Reference no: EM132246565
Questions -
Q1. Larkspur Factory provides a 2-year warranty with one of its products which was first sold in 2017. Larkspur sold $1,044,600 of products subject to the warranty. Larkspur expects $135,320 of warranty costs over the next 2 years. In that year, Larkspur spent $74,380 servicing warranty claims. Prepare Larkspur's journal entry to record the sales (ignore cost of goods sold) and the December 31 adjusting entry, assuming the expenditures are inventory costs.
Q2. The Sarasota Company issued $390,000 of 11% bonds on January 1, 2017. The bonds are due January 1, 2022, with interest payable each July 1 and January 1. The bonds were issued at 98.

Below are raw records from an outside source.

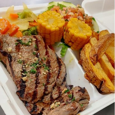 Lomito 100%, 280 g a la parrilla con chimichurri argentino, papas en gajo, vegetales, elote y ensalada.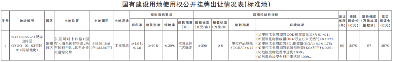 四、本次挂牌出让1宗“标准地”实行双合同一承诺管理,竞得人签订《国有建设用地使用权出让合同》时,须同时签订《“标准地”项目投资建设合同》,并自愿签署《企业投资工业项目“标准地”投资承诺书》。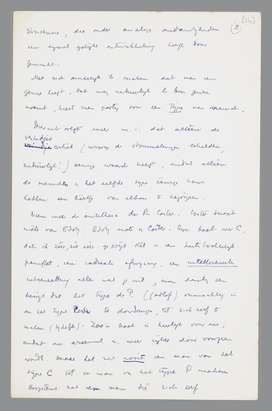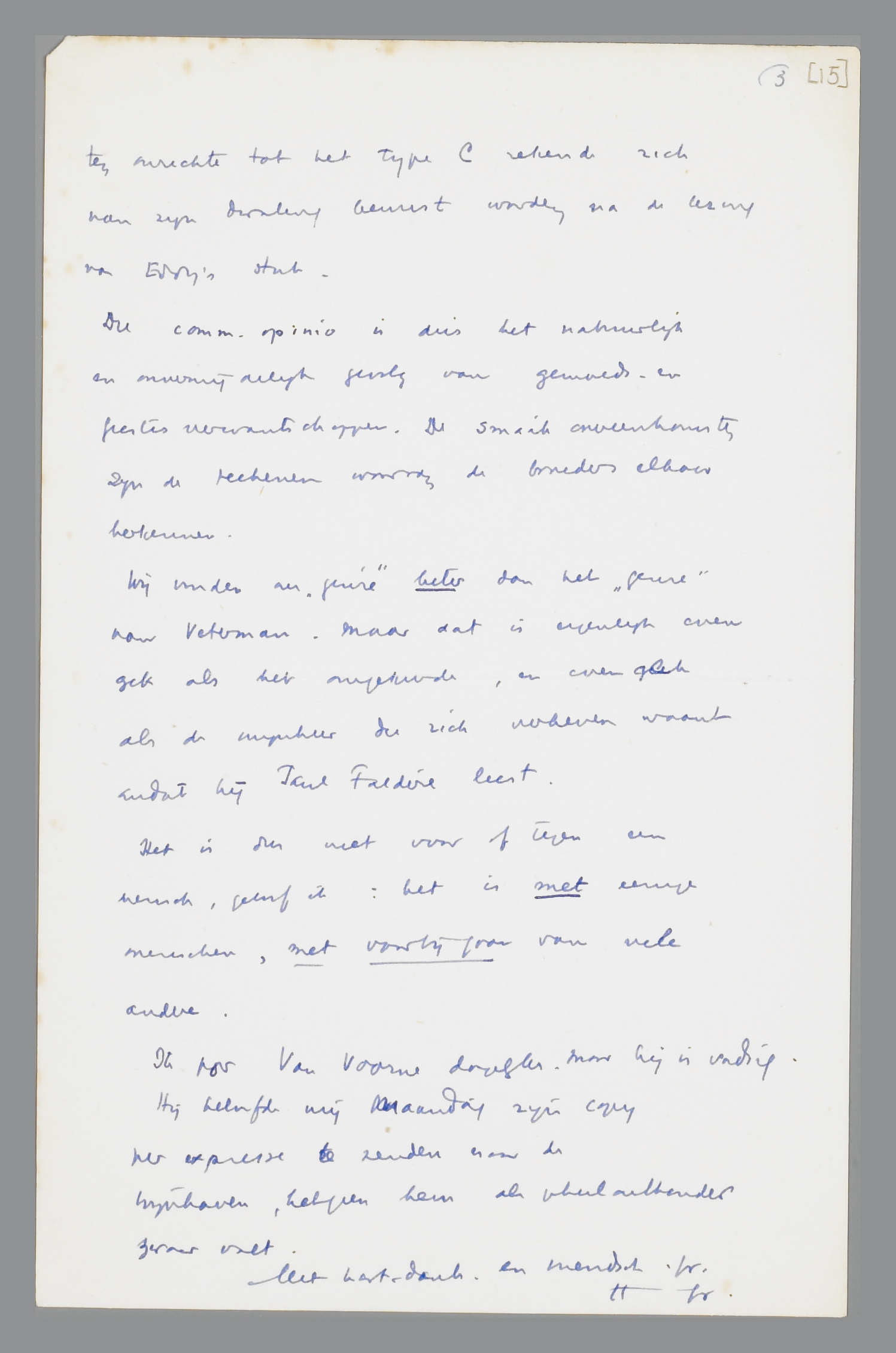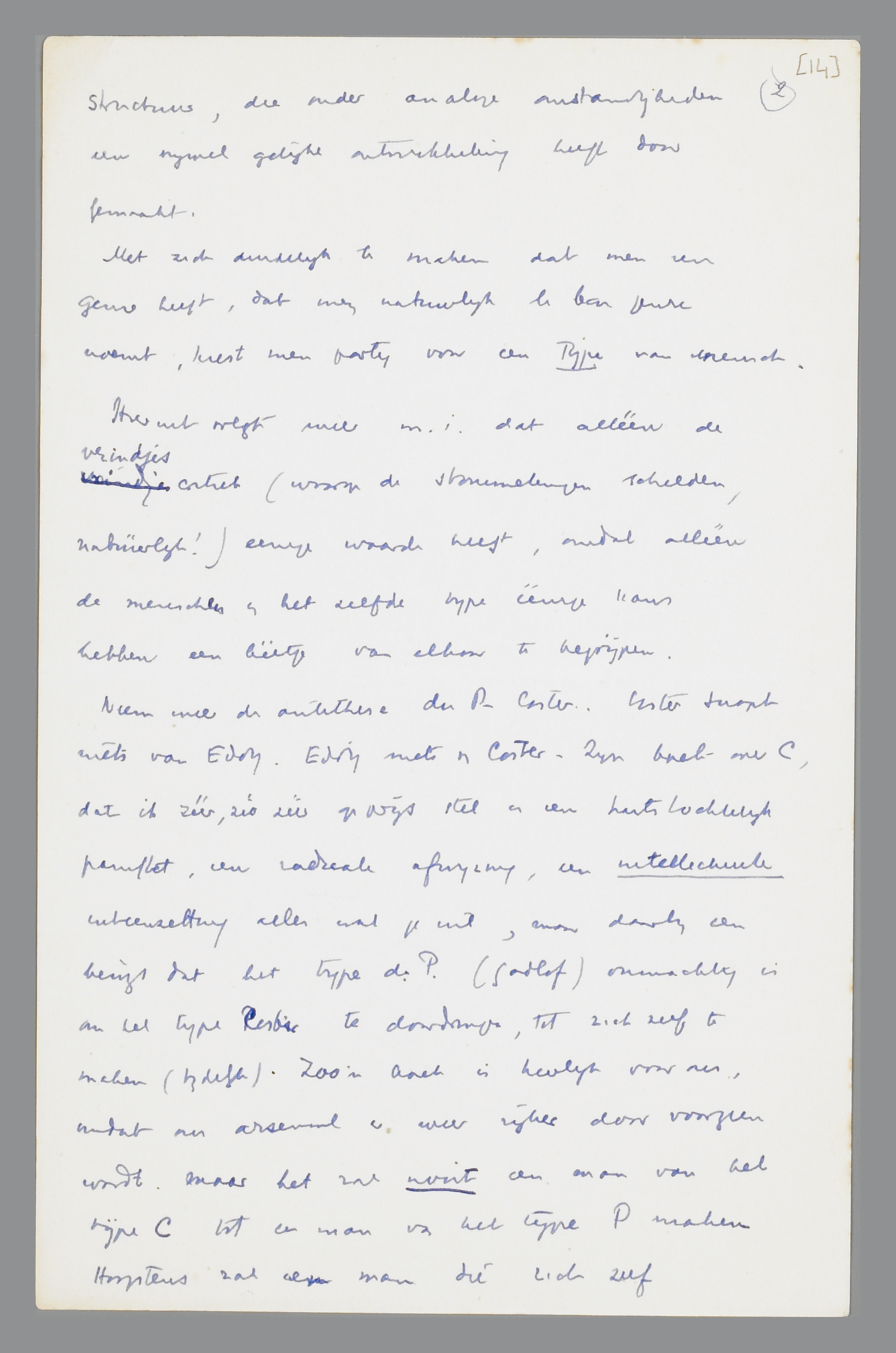 Neem mee de antithese du P. - Coster. Coster snapt niets van Eddy. Eddy niets van Coster. Zijn boek over C., dat ik zéér, zéér zéér op prijs stel is een hartstochtelijk pamflet, een radicale afwijzing, een intellectueele uiteenzetting alles wat je wil, maar daarbij een bewijs dat het type du P. (Godlof) onmachtig is om het type Coster te doordringen, tot zich zelf te maken (tijdelijk). Zoo'n boek is heerlijk voor ons, omdat ons arsenaal er weer rijker door voorzien wordt. Maar het zal nooit een man van het type C. tot een man van het type P. maken. Hoogstens zal een man die zich zelf ten onrechte tot het type C rekende zich van zijn dwalerij bewust worden na de lezing van Eddy's stuk.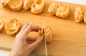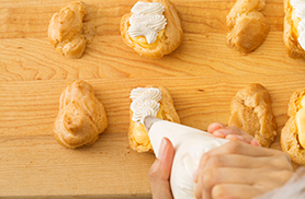 切ったシューの下の部分にカスタードクリームを絞り入れ、上にホイップクリームを重ねます。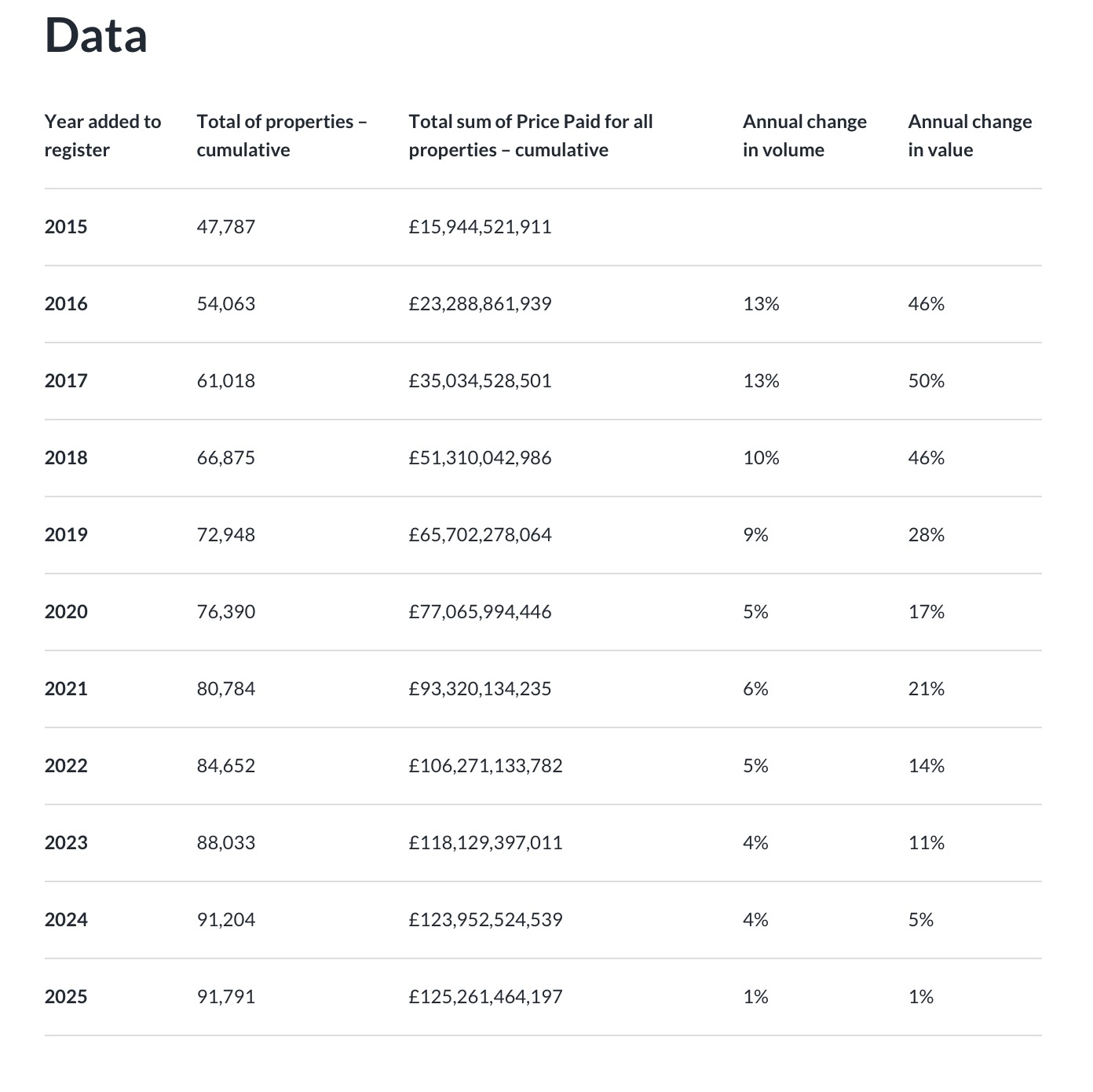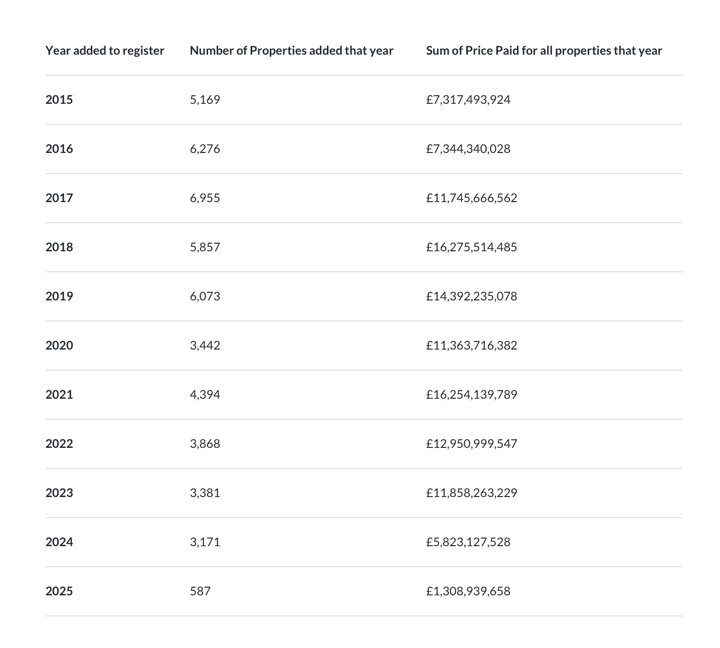 根据法律科技公司Search Acumen的最新分析,海外公司名下的房产数量几乎翻了一番——从2015年的47,787套,增加到2025年的91,791套,总价值已经超过1,250亿英镑,创下历史新高。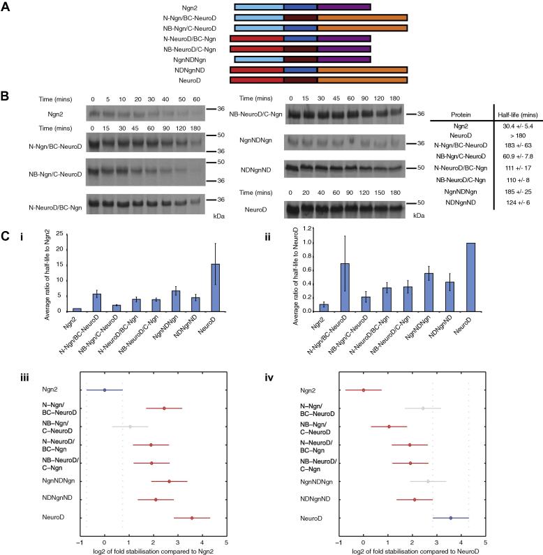 Fig. 3. Analysis of stability of domain-swapped mutants of Ngn2 and NeuroD. (A) Schematic representation of Ngn2 and NeuroD domain-swap proteins. (B) Domain-swapped proteins were subjected to degradation assay in interphase egg extract. n = 4. (C) The average stabilisation relative to wild type (i) Ngn2 and (ii) NeuroD was calculated. Analysis of variance (ANOVA) was performed to determine which proteins were significantly different from (iii) Ngn2 and (iv) NeuroD and these are shown as red bars (reference proteins denoted by blue bars; grey bars show no significant difference from wild type). (For interpretation of the references to colour in this figure legend, the reader is referred to the web version of this article.)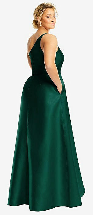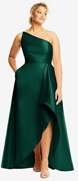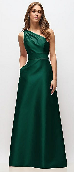 One-Shoulder Satin Gown with Draped Front Slit and Pockets in hunter green

Prepare the journal entries for (a) January 1, (b) July 1, and (c) December 31. Assume The Sarasota Company records straight-line amortization semiannually.
Q3. Marigold Corporation issued a 4-year, $39,000, 4% note to Greenbush Company on January 1, 2017, and received a computer that normally sells for $30,530. The note requires annual interest payments each December 31. The market rate of interest for a note of similar risk is 11%.
Prepare Marigold's journal entries for (a) the January 1 issuance and (b) the December 31 interest.